Both improvements allow for the loss-control aperture to be reduced to seven inches in diameter — meaning light is highly concentrated as it enters the receiver.
Other advancements to the solar dish-engine system that helped Sandia and SES beat the energy conversion record were a new, more effective radiator that also costs less to build and a new high-efficiency generator.
While all the enhancements led to a better system, one aspect made it happen on a beautiful New Mexico winter day — the weather. The temperature, which hovered around freezing, allowed the cold portion of the engine to operate at about 23 degrees C, and the brightness means more energy was produced while most parasitic loads and losses are constant.
SES is working to commercialize the record-performing system and has signed power purchase agreements with two major Southern California utilities (Southern California Edison and San Diego Gas & Electric) for up to 1,750 megawatts (MW) of power, representing the world’s two largest solar power contracts. Collectively, these contracts require up to 70,000 solar dish engine units.
Source: Sandia
The system does appear to be designed to maximize efficiency, with cost being compromised.
Posted by:DavidJ | February 15, 2008 at 12:11 PM
What cost are you referring to?
The Sandia unit is just the prototype, so what you see doesn't necessarily follow, either the cost portion or the efficiency.
I think this is one of the good technologies. Better than turbines, better than PV. It doesn't seem like it has very many moving parts and none of them see very rare or expensive to manufacture.
Not being familiar with Stirling engines and this system I'm not at all sure how durable it is, or how costly it would be to manufacture.
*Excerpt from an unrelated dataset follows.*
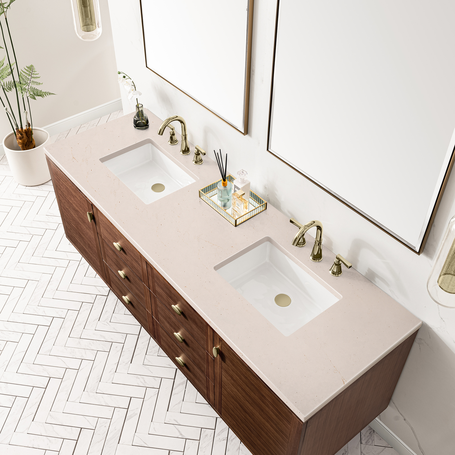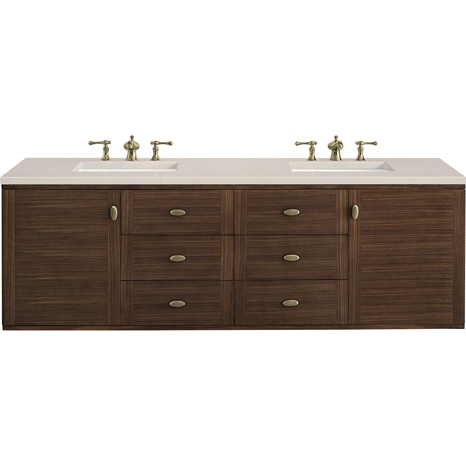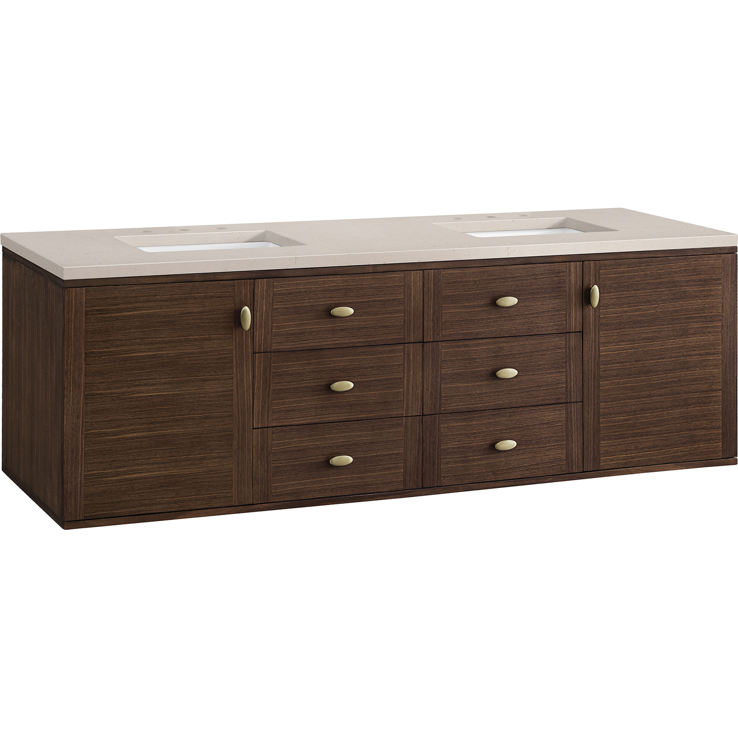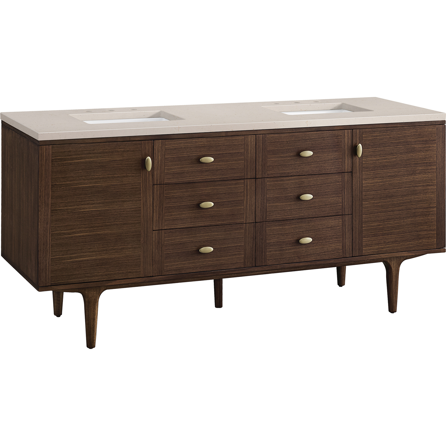 The 72" Amberly Double Vanity celebrates Mid-Century simplistic forms and finish details combined with practical function. The beauty of the natural grains in the walnut veneer steals the show, while the decorative, oval knobs in Champagne Brass provide the perfect accent. This two-door cabinet opens to spacious interior storage with two adjustable shelves and a convenient USB/Electric power outlet. Six drawers provide ample storage and include one removable bamboo organizer. The top row drawers are tip-out style. The elegant wood base elevates the Vanity Cabinet in a true console style, though you may choose the more modern, space-saving wall-mount option. The 3 cm, eased edge Eternal Marfil Silestone top completes the look.3 CM eased edge Eternal Marfil Silestone top includes a white porcelain rectangular sink that ships separately and includes mounting brackets for easy installation. Faucet not included.Constructed from Para wood solids and quarter cut Walnut veneers over plywood corePlywood drawer boxes feature English Dovetail joinery and our signature brushed aluminum laminate drawer liners for easy cleaningTwo door cabinet with two interior, adjustable height shelves and six drawers, the top row drawers are tip-out style.Dual Power and USB portsOne removeable Bamboo storage organizer trayThis cabinet may be installed with the wood base as a free standing vanity or mounted to the wall as a floating vanity. All mounting hardware is included.Oval shaped knobs in Champagne Brass FinishThe Mid-Century Modern inspired Amberly collection showcases a rich walnut wood cabinet, set elegantly atop subtly curved legs, and accented with oval Champagne Brass pulls. Floating or freestanding, Amberly is an eye-catching focal point for any luxury bathroom décor.1 year warranty against manufacturer's defects. We will repair or replace any defective product, if the product is defective in material or workmanship at our discretion. No warranty is expressed or implied regarding damages resulting from consumer misuse.

Posted by:Greg Woulf | February 15, 2008 at 02:58 PM
I'm sure this is just a stock photo, but wouldn't those dishes work better if they were pointed toward the sun?
j/k
Posted by:disdaniel | February 15, 2008 at 04:12 PM
The efficiency record is new, but the concept and the development plans have been chugging along for 2+ years now. A lot of people in high places have "bought in" to this technology; Southern Cal Edison and San Diego G & E signed their contracts in 2005. It boggles the mind to contemplate what they are going to do. SCE's initial contract calls for 20,000 of these dishes to produce 500 MW. 20,000? Yikes.
I wonder who will produce all those mirrors?
And I wonder what rate the electric companies have agreed to pay for the output?
Posted by:Danzig | February 15, 2008 at 05:23 PM
Uhm actually, it's been in development with SES for over 20 years.
They've just been making noise about it in the last 3.
Posted by:GreyFlcn | February 15, 2008 at 06:35 PM
I have trouble seeing this tech becoming cheap enough. These dishes look pretty heavy, and they gotta stand up to the weather for decades if they are to be a viable power tech. I thought I saw these babies on TV, they claimed $6 peak watt, and maybe potential to reach $3/watt. Steerable versus a fixed
S facing PV effciency should be roughly 50% better, but that means that a $3/watt concentrating steerable would compare to a $2/watt PV panel. The figure of merit being put out by startups with new wizzbang technology is $1/watt. CoolEarthSolar (Mylar ballon based CPV) claims they can do $.29/watt (although I suspect their system won't work in the wind).
I'd like to see real cost figures. Clearly these utilities seem to have gone for these in a big way. I can't imagine they wouldn't do due diligence for such a large scale project.
Posted by:bigTom | February 15, 2008 at 06:35 PM
A great achievement. This took 24 years to beat. Manhattan project took 3-4 years.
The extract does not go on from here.